Hypercalcemia is a common condition in the internal medicine practice. Sometimes its cause is not readily apparent, so extensive investigation is appropriate. Here we report an unexpected cause for hypercalcemia in an elderly woman. The case of an 82-years old woman with PTH-independent hypercalcemia, lymphocytosis, normal serum 1,25 (OH)vitamin D levels, and low serum PTHrp levels, is described. Medical history and complementary investigation were unremarkable, except for increased metabolic activity in the glutei regions, as measured by whole body 18F-FDG PET-CT. Reviewing her medical history, her sister recalled that she had been submitted to intramuscular methylmethacrylate injections, for cosmetic purposes, five years before presentation, which was confirmed by muscle biopsy. Low calcium intake, parenteral bisphosphonates, calcitonin, and glucocorticoids were used to control serum calcium levels. Methylmethacrylate injections, used cosmetically, are a new cause for hypercalcemia, even after many years. Hypercalcemia was probably due to calcitriol overproduction in foreign body granulomas. Persistent reactive lymphocytosis could be a clue for this inflammatory cause of hypercalcemia.

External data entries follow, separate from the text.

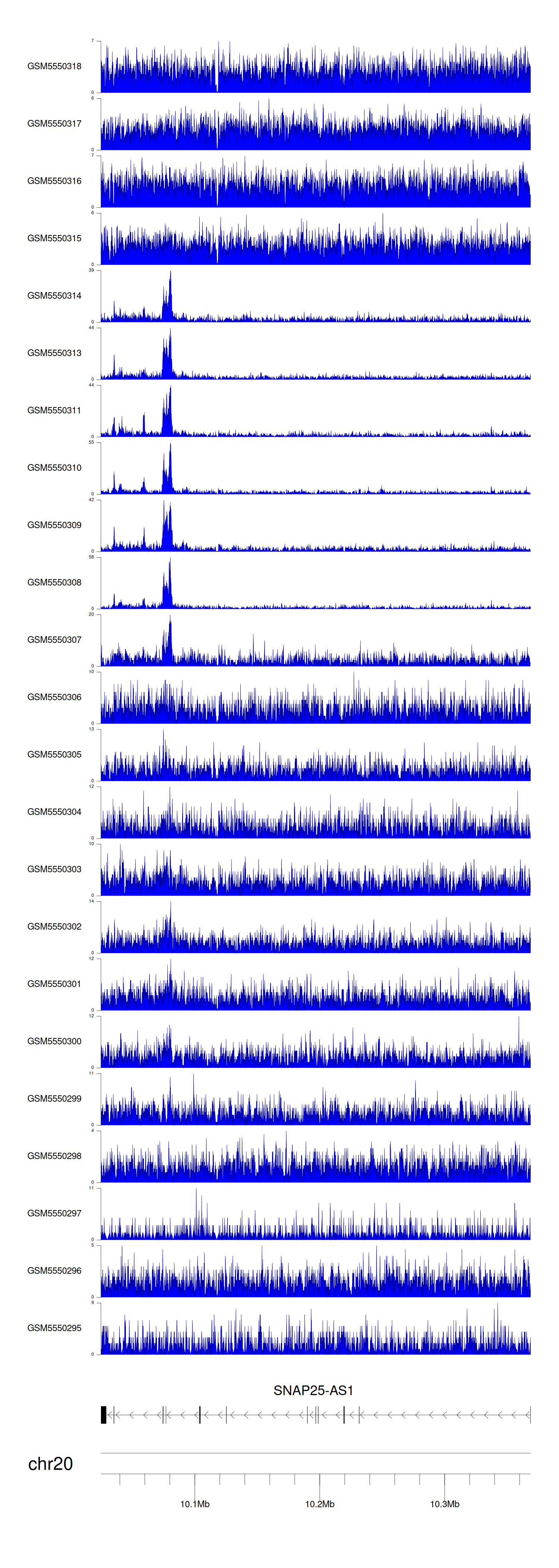 > Dataset: GSE143026 - SNAP25-AS1 peak across samples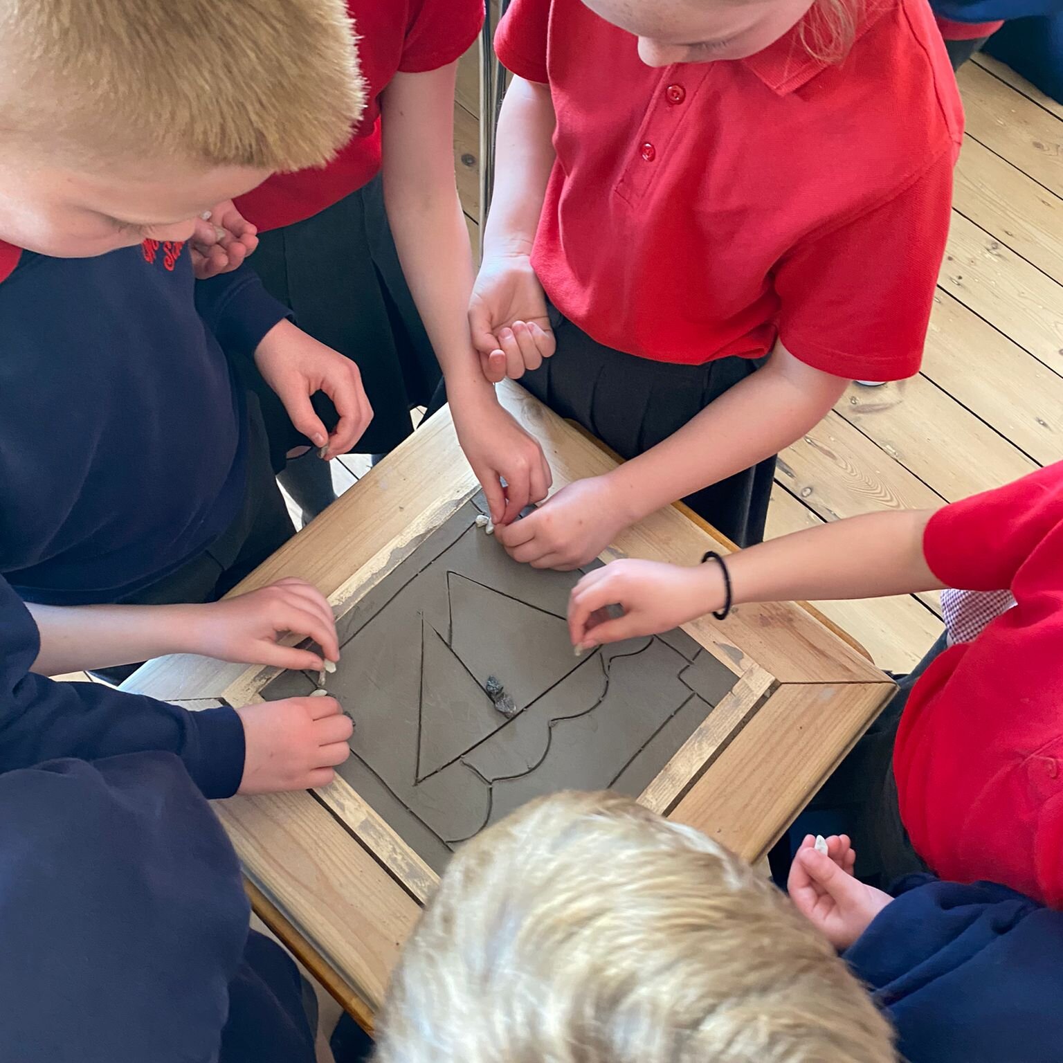 The children had a go at excavating their own chess pieces and coins out of soil, and plaster of paris. The children had great fun using their toothbrushes and tools to uncover their treasures.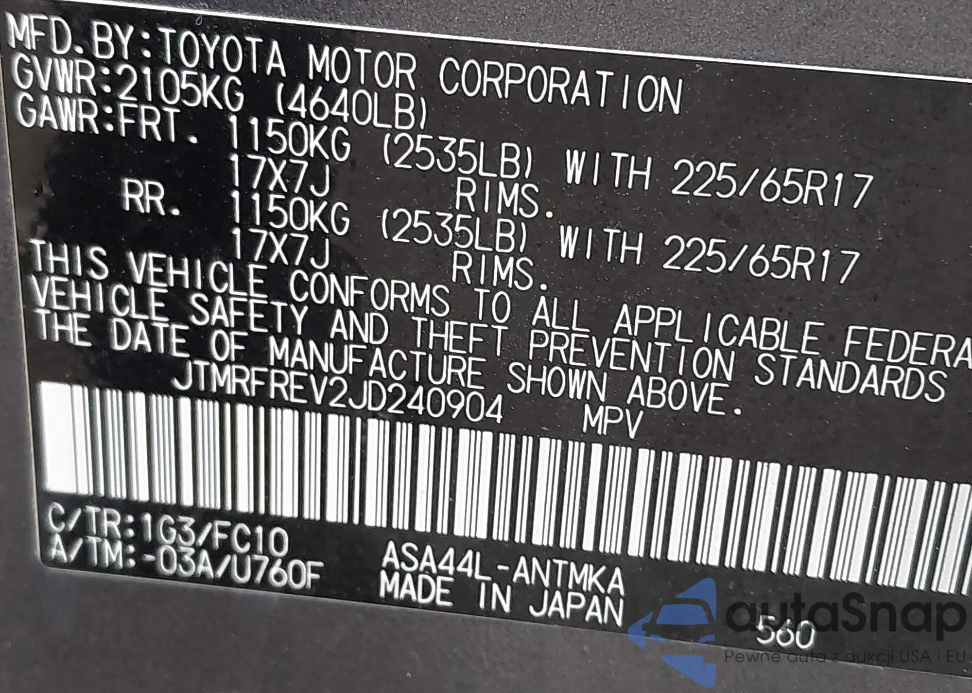 LOT: 42110896 VIN: NMTKHMBX3JR024079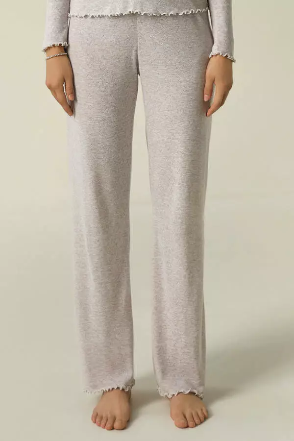 Жіночі штани з ажурного трикотажу з принтом у вигляді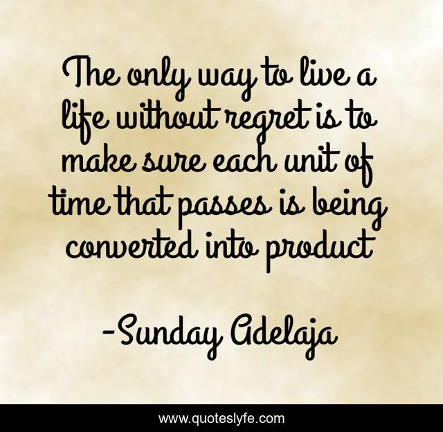 This page presents the quote "The only way to live a life without regret is to make sure each unit of time that passes is being converted into product". Author of this quote is Sunday Adelaja. This quote is about life, productive, productivity, finance, money, blessing, job, joblessness, purpose,.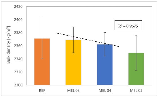 From the bar chart in Figure 6, it is obvious that the samples from the reference mixture achieved the highest bulk densities. The average bulk density values of the mixtures containing the powdered plasticizer decreased almost directly proportionally (coefficient of determination R2 = 96.75%) with an increasing dosage of the mentioned plasticizer. With an increasing content of the powdered plasticizer, the air content increased, resulting in an almost linear decrease in bulk density. This was evident in the number of pores present in the samples of the individual mixtures.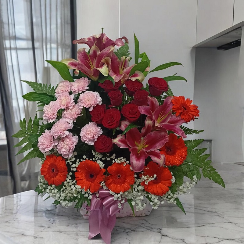17-18 red roses. 17-18 pink carnation, 10 daisy, 4 stalks pink lilies with baby breath.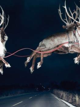 Une Mercedes croise le vrai traineau du Père Noël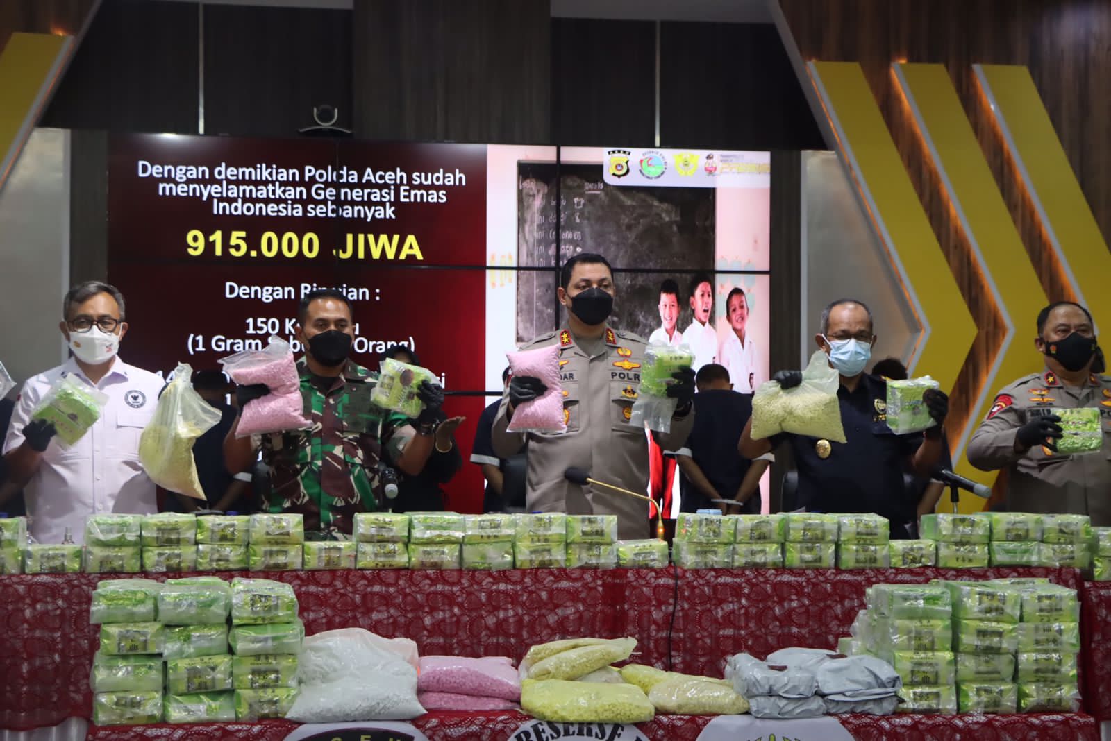 “Dengan digagalkannya penyelundupan narkotika ini, secara tidak langsung Polda Aceh telah menyelamatakan generasi emas Indonesia sebanyak 915.000 jiwa,” ungkapnya.

Arch Endocrinol Metab. 2015;59(3):277-80


INTRODUCTION

Hypercalcemia is a relatively common problem in clinical practice. Sometimes the cause is not readily apparent, so extensive investigation is appropriate. Here we report an unexpected cause for hypercalcemia in an elderly woman.

CASE REPORT

An 82-years old woman presented with recurrent episodes of confusion, delirium, and somnolence or stupor, for the past 6 months. Her previous medical history was unremarkable, except for previous 20 pack years smoking and systemic arterial hypertension. She has been using daily hydrochlorothiazide 25 mg, amiloride 2.5 mg, vitamin D3 2000 IU, and calcium carbonate 2 g. There were no previous surgeries or hospital admissions. The physical exam was unremarkable, except for low BMI (17 Kg/m2). Initial evaluation, as shown in table 1, disclosed severe PTH-independent hypercalcemia, lymphocytosis, and no vitamin D intoxication. All her medications were stopped, and, as serum phosphate level was in the low reference range and tubular reabsorption of phosphate was low, a probable malignant cause was searched for. Computed tomography (CT) of neck, thorax, and abdomen, revealed a small swelling of the pyriform sinus, and simple renal and ovarian cysts, up to 1.2 cm; fiberoptic indirect and direct laryngoscopy identified no lesion, and biopsies of the pyriform sinus region had no tumor; bone scintigraphy, bone marrow aspiration, peripheral blood cells immunophenotyping, serum and urine protein electrophoresis, and upper gastrointestinal endoscopic study were normal. Transvaginal pelvic ultrasound confirmed the presence of a simple ovarian cyst. A whole body 18F-FDG PET-CT showed extensive and symmetric increased metabolic activity in the glutei regions, as shown in figure 1A. At inspection, bilateral glutei regions were normal, but irregular 2-3 cm hard nodules were identified by palpation. The abdominal CT was reviewed with identification of extensive areas of increased density and loss of definition of both gluteus maximus, as shown in figure 1B.

Table 1
Laboratory data at admission

Figure 1
Abnormality of glutei regions, five years after the intramuscular injections of methylmethacrylate. (A) Increased metabolic activity, as shown by 18-FDG PET-CT Study. (B) Extensive areas of increased density and loss of definition of the gluteus maximus, as shown by computed tomography.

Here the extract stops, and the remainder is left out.